The meter is activated by depressing a button on the left side of the lens mount (this also doubles as a depth of field preview button as it stops down the diaphragm). The meter needle is visible on the right side of the focus screen in the viewfinder. It is usual to use these as a shutter priority system – set the required shutter speed and then adjust the aperture until the meter needle is centred.
So – time for a description. the top plate is uncluttered. On the right is the film advance lever. This is metal with a black plastic pad on the end for comfort. This lever moves through around 200° to advance the film one frame. this is not on a ratchet so it must be moved in one go. In front of the advance lever is a window to the frame counter. This counts up from one and is reset when the back is opened. Only the even-numbered frames are numbered with the odd-numbered frames represented by a dot.

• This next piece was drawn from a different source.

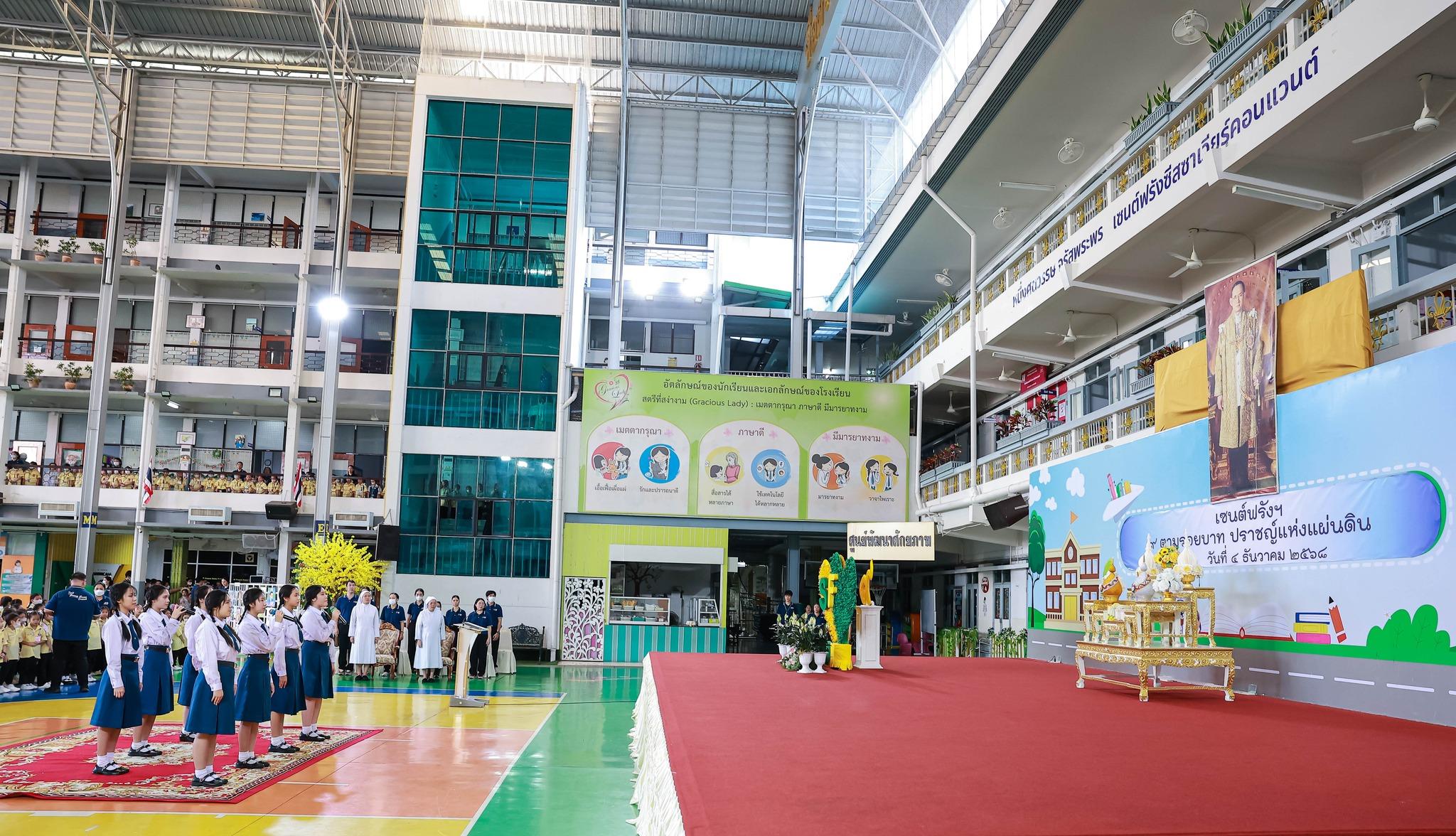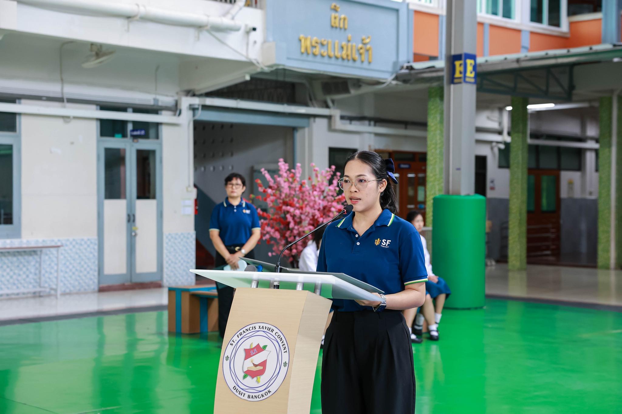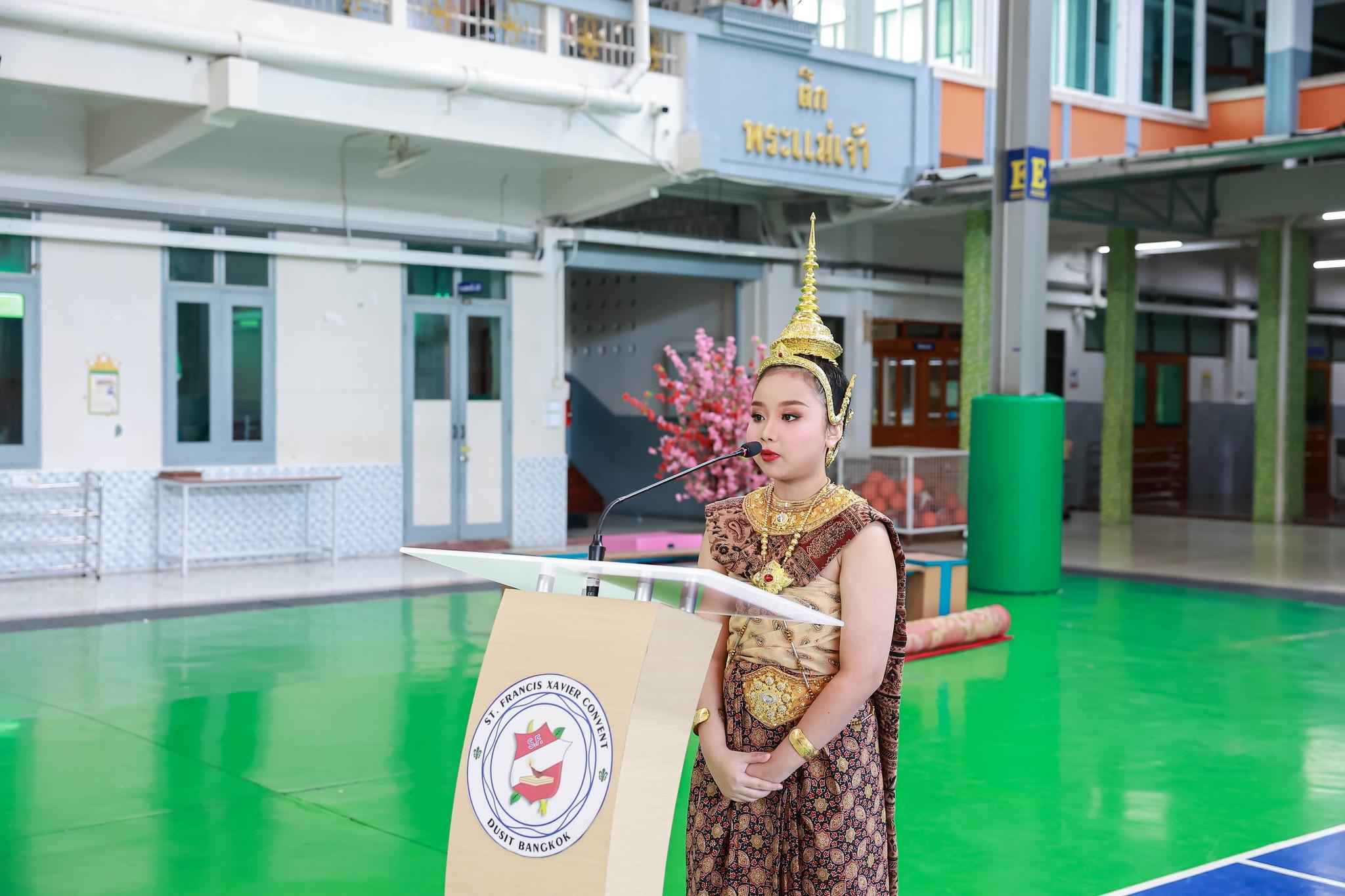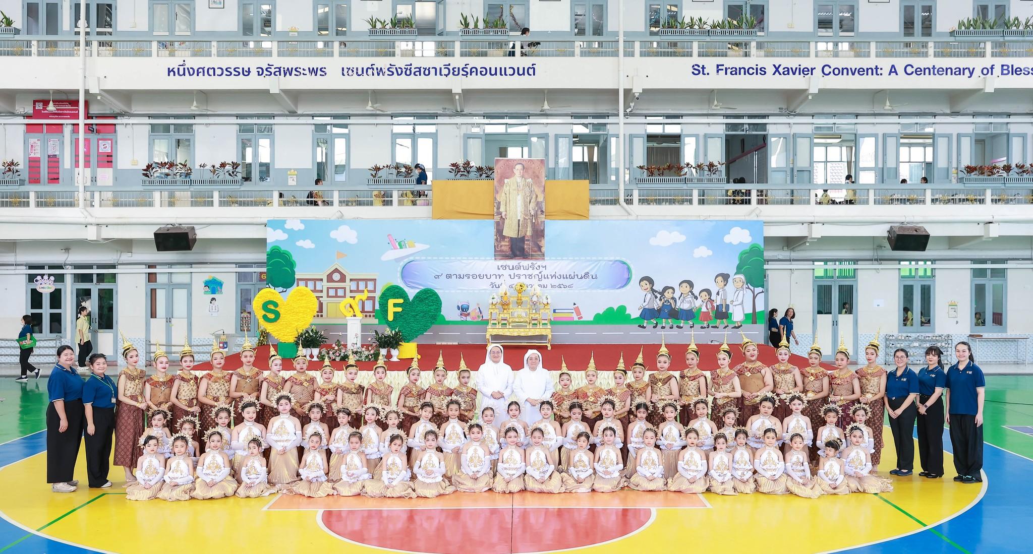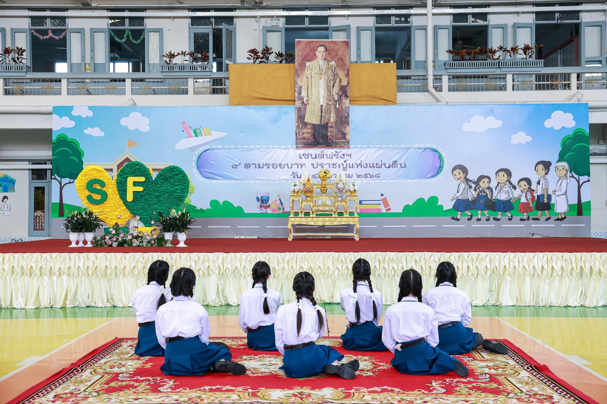 กิจกรรมสหวิทยาการศาสตร์ศิลป์แผ่นดินไทย “เซนต์ฟรังฯ ๙ ตามรอยบาท ปราชญ์แห่งแผ่นดิน” วันที่ 4 ธันวาคม 2568 ฝ่ายกิจการนักเรียนจัดพิธีเทิดพระเกียรติพิธีเทิดพระเกียรติพระบาทสมเด็จพระบรมชนกาธิเบศร มหาภูมิพลอดุลยเดชมหาราช บรมนาถบพิตร โดยมีตัวแทนนักเรียนชั้นมัธยมศึกษาปีที่ 5 กล่าวบทอาศิรวาทเทิดพระเกียรติพระองค์ท่าน จากนั้นฝ่ายวิชาการจัดให้มีพิธีเปิดกิจกรรมสหวิทยาการศาสตร์ศิลป์แผ่นดินไทย “เซนต์ฟรังฯ ๙ ตามรอยบาท ปราชญ์แห่งแผ่นดิน” โดยมีท่านอธิการิณีมารี หลุยส์ พรฤกษ์งาม เป็นประธานเปิดงาน และมีเซอร์ชอง บัปติส เดอ ลาซาล แคทเธอริน ว่องไว และหัวหน้ากลุ่มสาระการเรียนรู้ร่วมในพิธีเปิดครั้งนี้ รวมทั้งมีการแสดงเปิดงานจากนักเรียนกิจกรรมนาฏศิลป์ ในชื่อชุด “ดวงใจภักดี เทิดพระบารมี แผ่นดินี้เพื่อพ่อ” ที่แสดงให้รับชมอย่างสง่างาม กิจกรรมวันนี้มีพี่ๆ ประถมศึกษาปีที่ 6 เป็นผู้พาน้องเดินเข้าฐานกิจรรมและเป็นผู้ช่วยดำเนินการในแต่ละฐานทั้ง 5 ฐานกิจกรรมด้วย นับเป็นการฝึกทักษะกระบวนการทำงาน ความรับผิดชอบ การตัดสินใจ การเป็นผู้นำผู้ตามที่ดี การแก้ปัญหาเฉพาะหน้าให้แก่เด็กๆ ชั้นประถมศึกษาปีที่ 6 ได้เป็นอย่างดี และเด็กๆ ก็ทำหน้าที่ของตนเองได้อย่างดีเยี่ยม ส่วนนักเรียนระดับชั้นมัธยมศึกษาปีที่ 1 – 3 อดใจรออีกสักหน่อย พวกหนูจะได้ไปเรียนรู้นอกสถานที่ ณ ศูนย์ฝึกโรงเรียนจิตอาสา 904 บางเขน ในช่วงเดือนมกราคม 2569 นะคะ

Left of the frame counter window is the shutter release button. This is bright chrome plated and is threaded for a standard cable release. Next to this is the shutter speed selector. This is pretty standard and runs from 1 second to 1/1000 seconds plus B. The shutter is a Copal Square shutter with metal blades and runs vertically. The speed selector will only turn between 1 and 1/1000. to go from 1 to 1/1000 (or 1/1000 to 1) you need to go almost a complete turn around the speeds. 1/125 is marked with a red X and is the synch speed for electronic flash. For flash bulbs, any shutter speed can be used.

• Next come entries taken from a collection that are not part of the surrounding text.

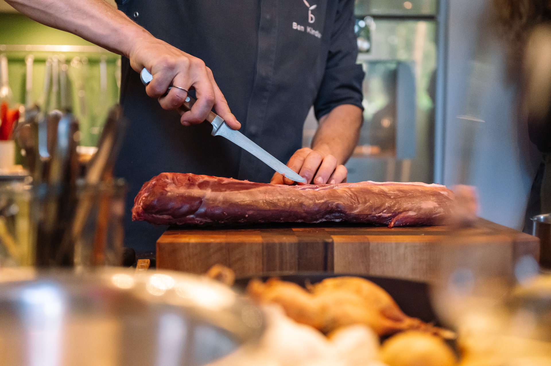 Für das Kochevent in Ben Kindlers Kochschule hatte ich als Teilnehmerin nicht nur die Gelegenheit, zu lernen und zu genießen, sondern den Abend zudem fotografisch festzuhalten. Das Ziel bestand darin, die lebendige und gemeinschaftliche Atmosphäre des Events einzufangen und gleichzeitig die Leidenschaft für Lebensmittel sowie das Weitergeben von Wissen seitens Ben und seines Teams zu dokumentieren. Die erstellten Bilder reflektieren die Freude am Kochen und das gesellige Miteinander und eignen sich beispielsweise ideal zur Präsentation künftiger Events auf der Website und in den sozialen Medien.
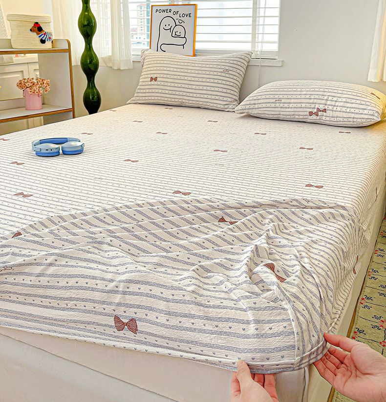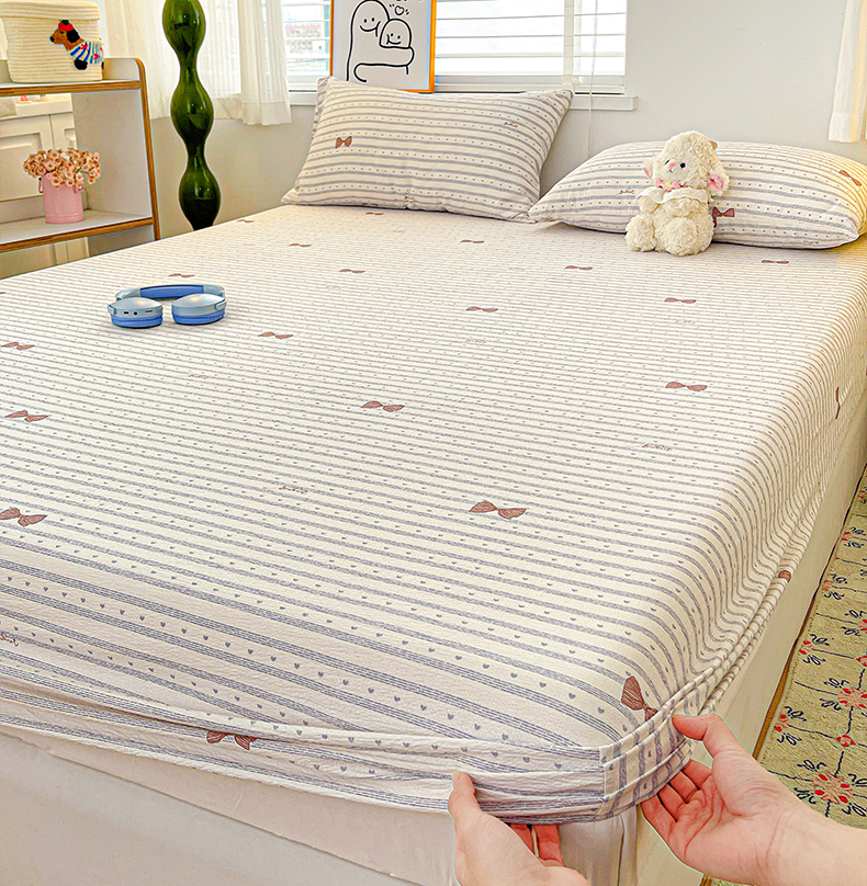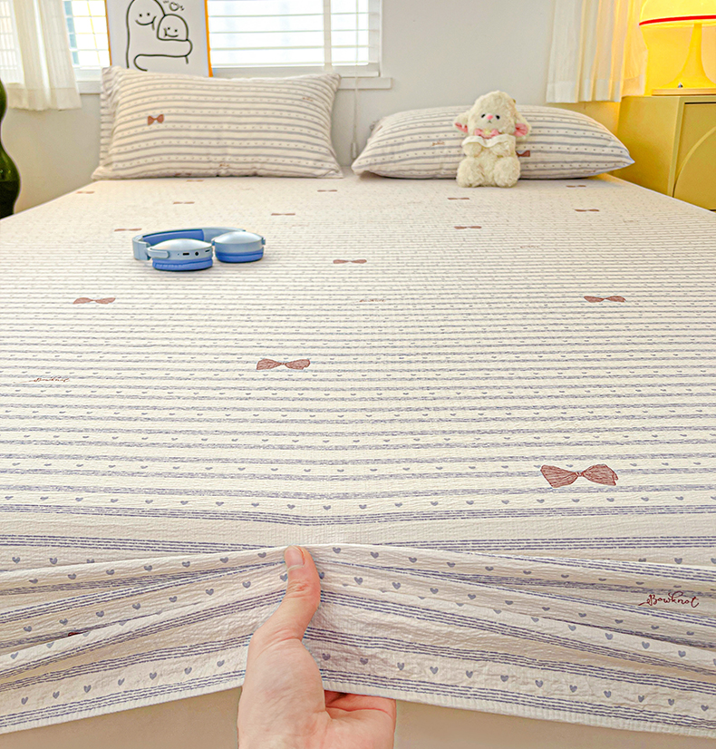 仟人梦 2026新款云感双层纱印花单床笠床笠单件 清新条纹
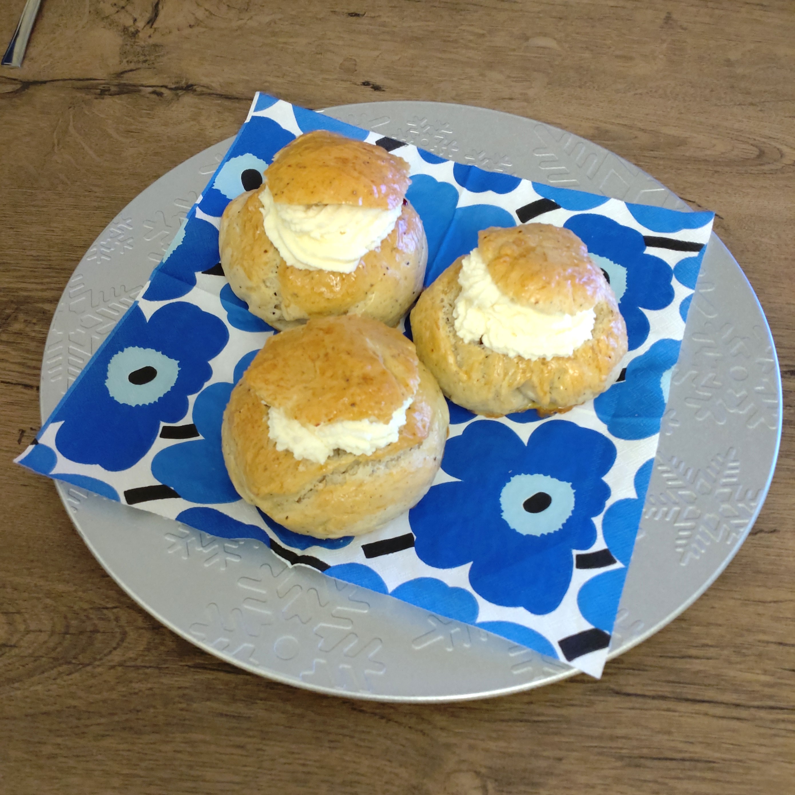 ヴァストラクッケルとは、カルダモンの入ったパン生地に、バンズの上部を切り取り、間にクリームをトッピングした、ペイストリーです。

This shutter speed selector also doubles as the film speed selector. To select film speeds, you need to lift the selector before turning it. Available film speeds are from 25 ASA to 1600 ASA or DIN 15° to DIN 33°. On my camera, this scale is spotlessly clean apart from 25 ASA which suggests that the user was using Kodachrome 25 almost exclusively (I can think of no other 25 ASA film in the 1970s and 80s that would account for it).
The pentaprism hump is of the size you would expect at this date – this is from just before Olympus rewrote the book with their OM series of cameras. On the left of the pentaprism hump is a pair of PC connectors for flash. One is marked X for electronic flash and must be used at 1/125 seconds or slower – this is marked on the shutter speed selector. The other PC connector is marked with a white M and is for flash bulbs – bulbs can be used at any shutter speed.
On the front of the top plate is a pair of strap lugs. One of these is completely worn through so I can no longer attach a strap to the camera.
As always, the front of the camera is dominated by the lens mount. This is the M42 mount introduced by East German Zeiss Ikon in 1949. It is also known as the Praktica mount and Pentax mount as these two companies made the use of the M42 mount very common. I cannot comment on the lens as none was supplied. The manual (downloadable here) says that it was a Cosina brand Cosinon 50 mm lens. When focusing the lens (any M42 lens will fit) the only focus aid is a disc of micro-prisms in the centre which acts as a whole series off split-image centres – the first time I have seen this effect. It works very well.
On the right of the lens mount is a self-timer lever. This is activated by turning the lever anticlockwise. When you press the shutter release, the mirror is raised immediately and the shutter fires after 11 seconds. I expect that this delay would have been 8 seconds when new as this is the usual delay. If you do not turn the setting lever as far as it can go, you get proportionally shorter delays.
The baseplate of the camera has four times on it. Starting on the left is the lever to open the back. This is recessed and meeds to be turned through about 45° in the direction of the marked arrow. Next to this is the battery compartment which is designed to take one 675 type button cell. Just behind the lens is the tripod boss. This is, as you would expect, a 1/4 inch UNC thread.Towards the other end of the base plate is the button to allow the film to be rewound. This is well designed and does not need to be held in while rewinding which makes life much easier than with other cameras.
Inside, this camera is entirely standard. Being Japanese, the camera needs foam light seals around the back and these are seriously perished. I doubt the designers expected the camera to still be used after nearly 50 years after manufacture so this is not really a criticism.